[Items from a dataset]
- - -
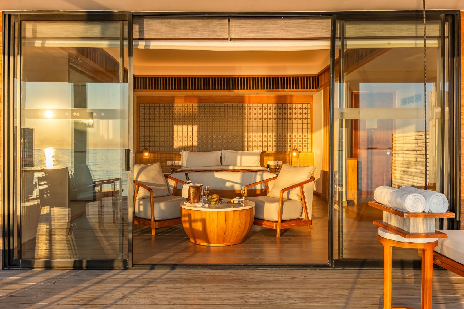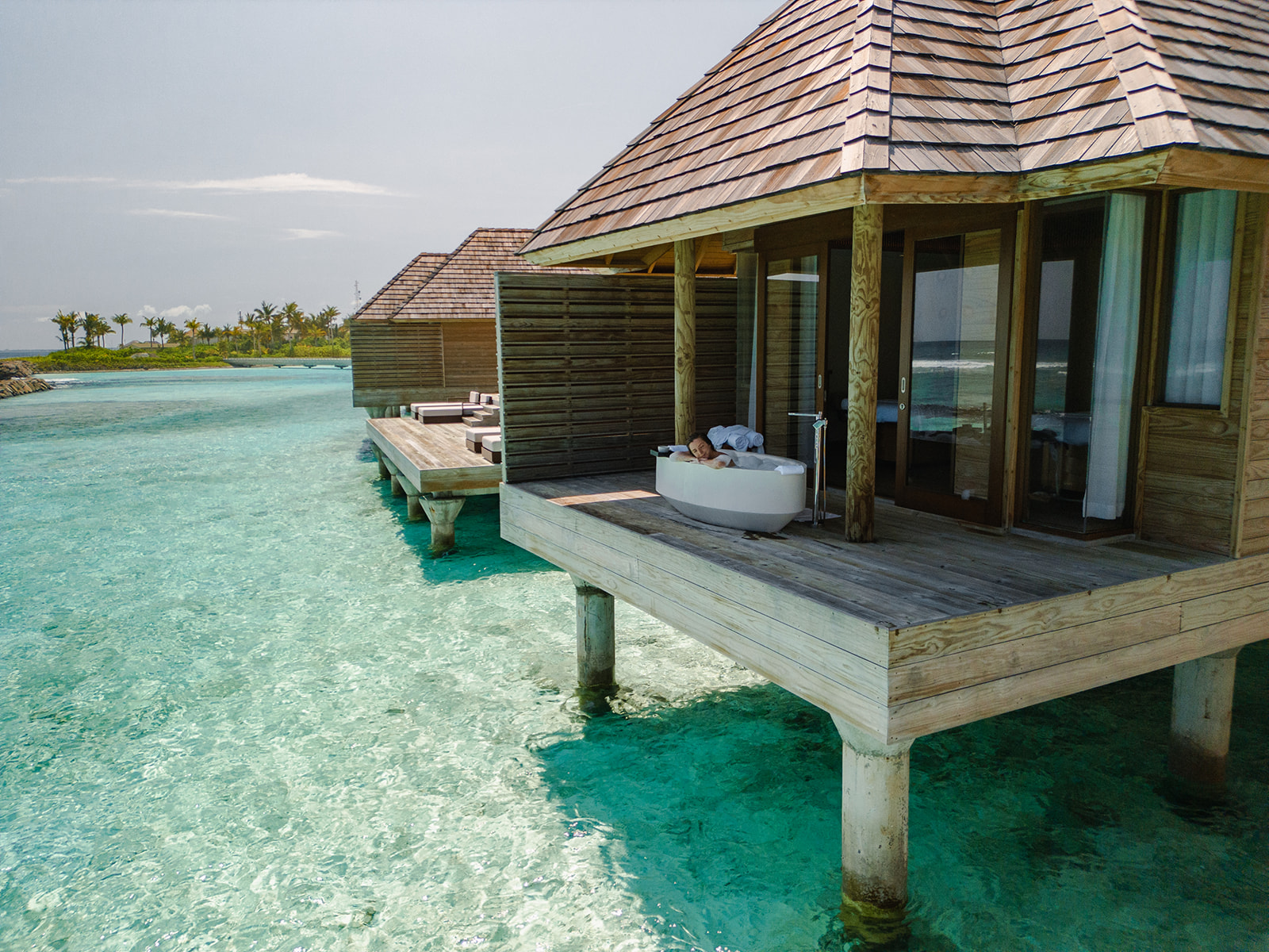 Die Umgebung des Resorts trägt entscheidend zum Wohlbefinden bei: Acht Überwasser-Villen auf einer eigenen Insel, nur einen kurzen Spaziergang oder eine Fahrradtour über den Holzsteg entfernt, laden zu ungestörtem Rückzug ein. Von den Behandlungsräumen aus schweift der Blick über das weite Ozeanpanorama – während die Surfer am bekannten Chickens Break, einer der längsten linksbrechenden Wellen der Malediven, ihre Runden drehen, entspannt allein schon das Zuschauen.
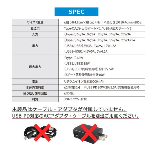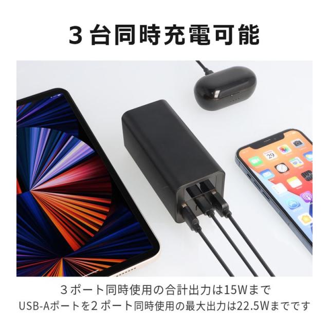 最大出力:(Type-C)65W、(USB1/USB2)18W、(USB1/USB2同時使用時)合計22.5W(3ポート同時使用時)合計15W
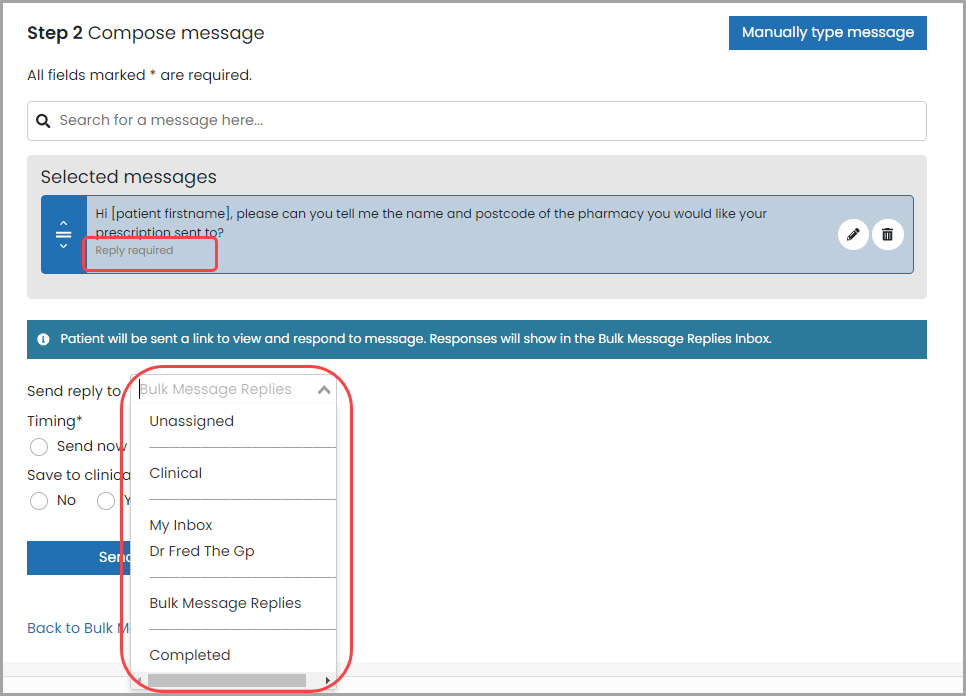 When sending bulk or individual messages, you can now choose which inbox patient responses will be sent to (for reply required messages):
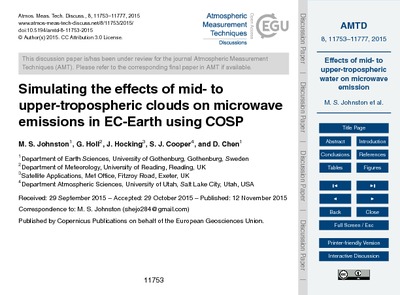 Johnston, M. S., Holl, G., Hocking, J., Cooper, S. J. and Chen, D. (2015) Simulating the effects of mid- to upper-tropospheric clouds on microwave emissions in EC-Earth using COSP. Atmospheric Measurement Techniques Discussions, 8 (11). pp. 11753-11777. ISSN 1867-8610 doi: 10.5194/amtd-8-11753-2015
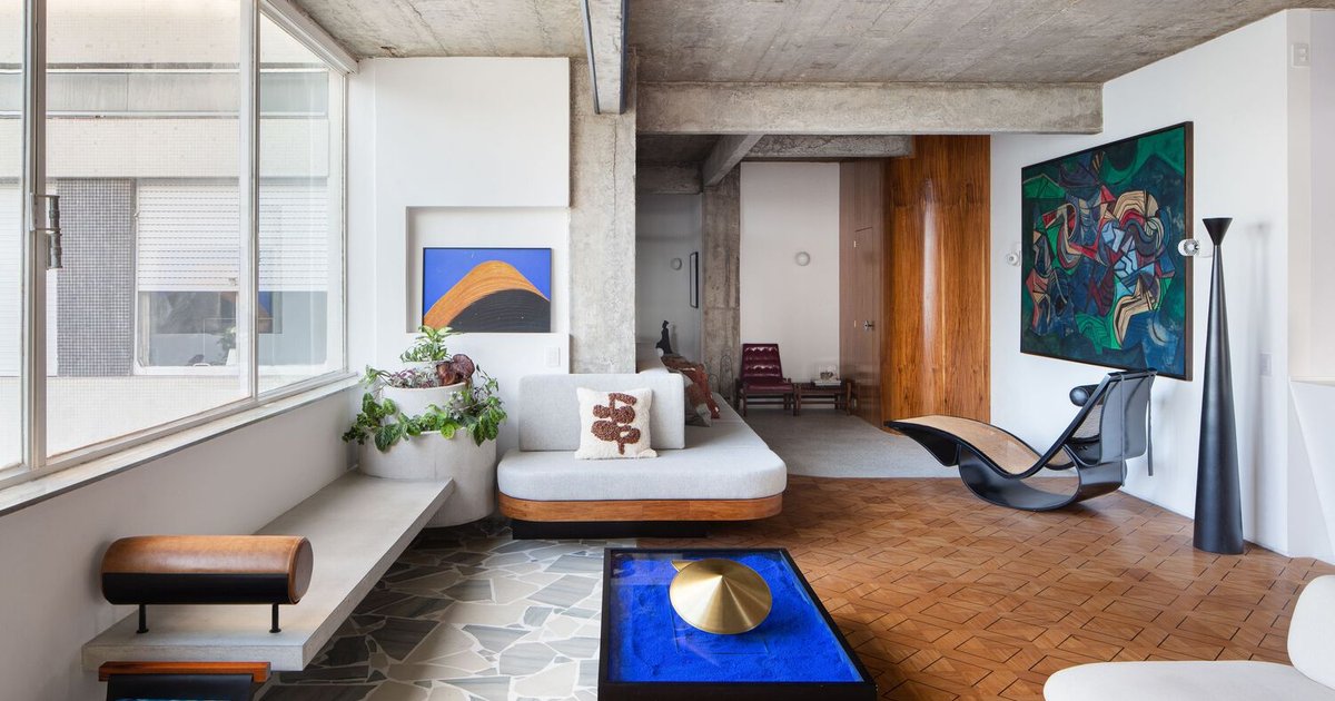 Brutalist-modernist São Paulo apartment by ZALC Arquitetura, blending art, curves, and restored materials for refined spatial and cultural harmony.
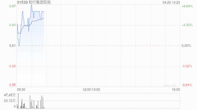 知行集團控股(01539)現(xiàn)漲6.56%,報0.65港元,成交額168.770萬港元。
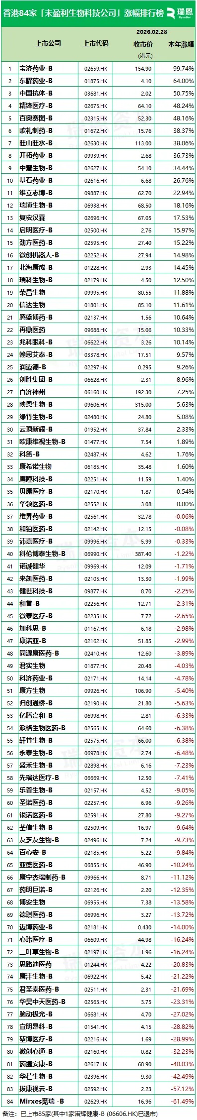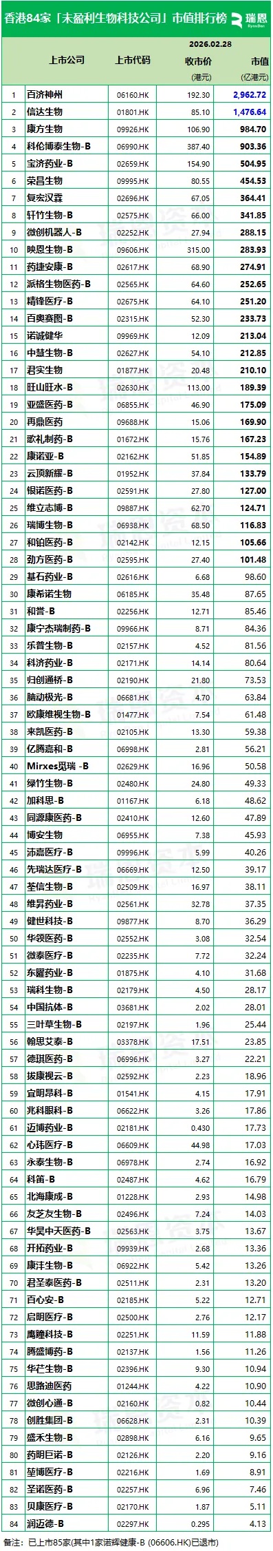 84家香港上市“未盈利生物科技公司”市值排行及股市表现 | 港股.20260228
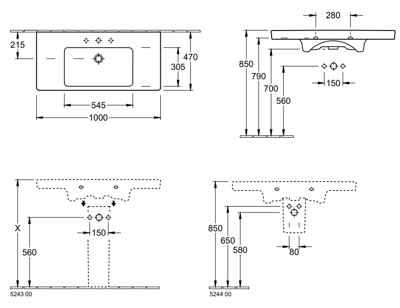 Umywalka VILLEROY&BOCH SUBWAY 2.0 100x47cm, biała 7175A001
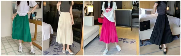 • Taglio di media lunghezza:Il taglio di media lunghezza di questa gonna a pieghe colpisce un equilibrio tra eleganza e praticità, adatto sia ad ambienti formali che casual.
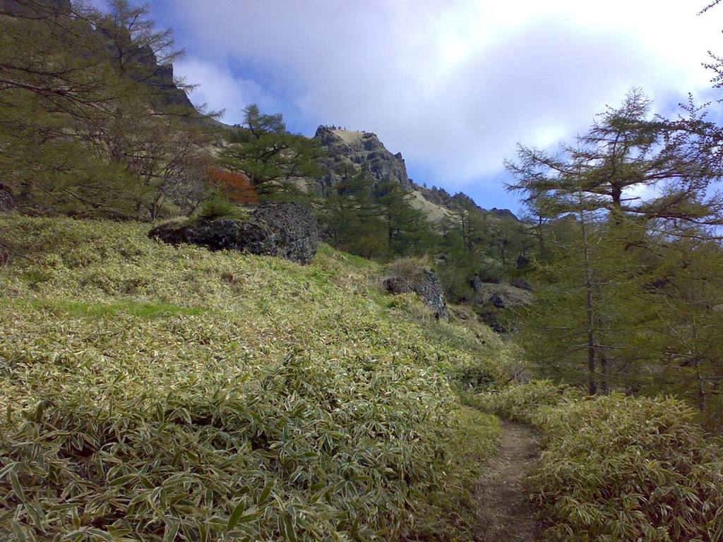 美しい笹原と木立が広がる登山道。浅間山というと、火口だけに目が向きがちだが、登山口である浅間山荘〜湯ノ平コースは、みずみずしい新緑に囲まれた森の中に道で、渓谷には見応えのある滝が連なり、獣の達(カモシカやリスなど)の姿や野鳥の歌声が絶えない。周囲は山菜の宝庫でもあり、何度歩いても飽きのこない心地よいルートである。
- - -
■ **PROBLEM**
Every entry is to be transcribed exactly, but the pictures are to be left out.

■ **TASK RESPONSE**
 Die Umgebung des Resorts trägt entscheidend zum Wohlbefinden bei: Acht Überwasser-Villen auf einer eigenen Insel, nur einen kurzen Spaziergang oder eine Fahrradtour über den Holzsteg entfernt, laden zu ungestörtem Rückzug ein. Von den Behandlungsräumen aus schweift der Blick über das weite Ozeanpanorama – während die Surfer am bekannten Chickens Break, einer der längsten linksbrechenden Wellen der Malediven, ihre Runden drehen, entspannt allein schon das Zuschauen.
 最大出力:(Type-C)65W、(USB1/USB2)18W、(USB1/USB2同時使用時)合計22.5W(3ポート同時使用時)合計15W
 When sending bulk or individual messages, you can now choose which inbox patient responses will be sent to (for reply required messages):
 Johnston, M. S., Holl, G., Hocking, J., Cooper, S. J. and Chen, D. (2015) Simulating the effects of mid- to upper-tropospheric clouds on microwave emissions in EC-Earth using COSP. Atmospheric Measurement Techniques Discussions, 8 (11). pp. 11753-11777. ISSN 1867-8610 doi: 10.5194/amtd-8-11753-2015
 Brutalist-modernist São Paulo apartment by ZALC Arquitetura, blending art, curves, and restored materials for refined spatial and cultural harmony.
 知行集團控股(01539)現(xiàn)漲6.56%,報0.65港元,成交額168.770萬港元。
 84家香港上市“未盈利生物科技公司”市值排行及股市表现 | 港股.20260228
 Umywalka VILLEROY&BOCH SUBWAY 2.0 100x47cm, biała 7175A001
 • Taglio di media lunghezza:Il taglio di media lunghezza di questa gonna a pieghe colpisce un equilibrio tra eleganza e praticità, adatto sia ad ambienti formali che casual.
 美しい笹原と木立が広がる登山道。浅間山というと、火口だけに目が向きがちだが、登山口である浅間山荘〜湯ノ平コースは、みずみずしい新緑に囲まれた森の中に道で、渓谷には見応えのある滝が連なり、獣の達(カモシカやリスなど)の姿や野鳥の歌声が絶えない。周囲は山菜の宝庫でもあり、何度歩いても飽きのこない心地よいルートである。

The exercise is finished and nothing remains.